* Try it: Every line of the data below should be retyped exactly, with no images carried over.

* Data excerpt:
* * *

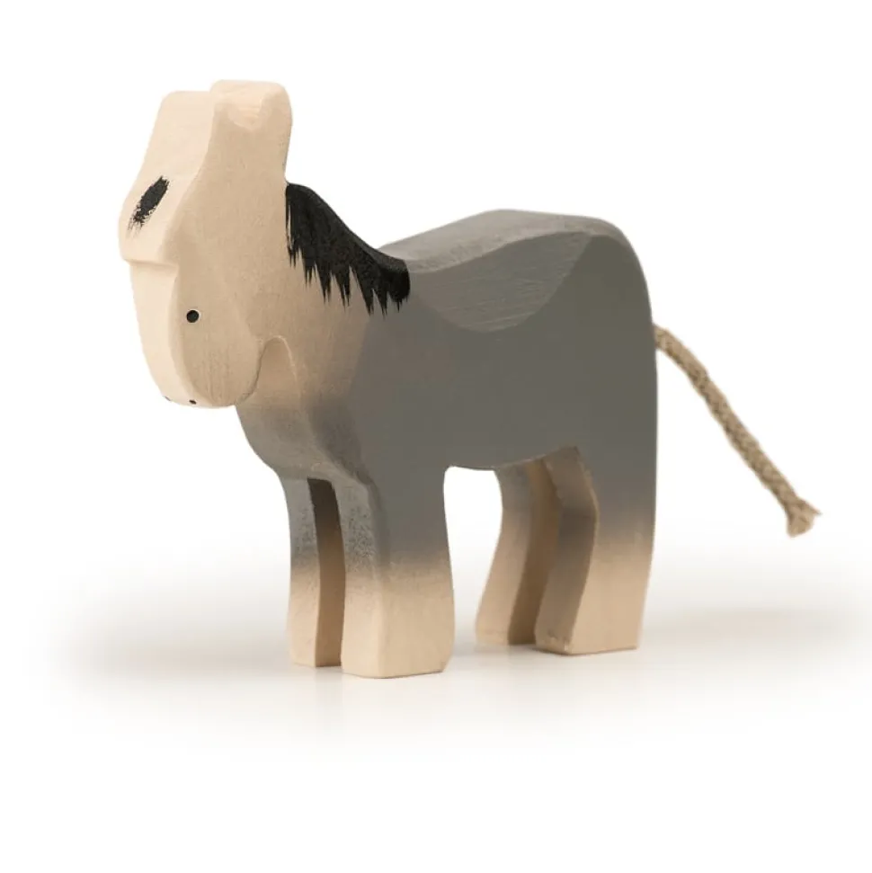 Deze ezel van Trauffer staat rechtop en is met de hand gemaakt van lindehout in Zwitserland, de gebruikte verf is vrij van chemicaliën. De ezel is robuust genoeg om mee te spelen. Afmeting: 11x8x3 cm.
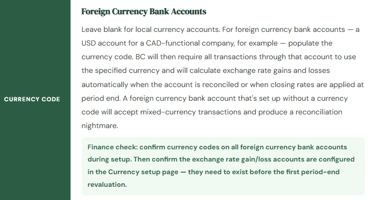 Organizations with foreign currency bank accounts have two configuration requirements beyond the basic bank account setup that Finance needs to own explicitly.
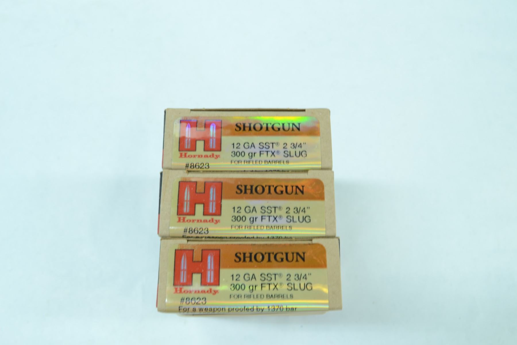 Lot 187 3 BOXES 5 ROUNDS HORNADY 12GA 2 3/4” 300GR FTX SLUG

* * *

* Solution to this task:
 Deze ezel van Trauffer staat rechtop en is met de hand gemaakt van lindehout in Zwitserland, de gebruikte verf is vrij van chemicaliën. De ezel is robuust genoeg om mee te spelen. Afmeting: 11x8x3 cm.
 Organizations with foreign currency bank accounts have two configuration requirements beyond the basic bank account setup that Finance needs to own explicitly.
 Lot 187 3 BOXES 5 ROUNDS HORNADY 12GA 2 3/4” 300GR FTX SLUG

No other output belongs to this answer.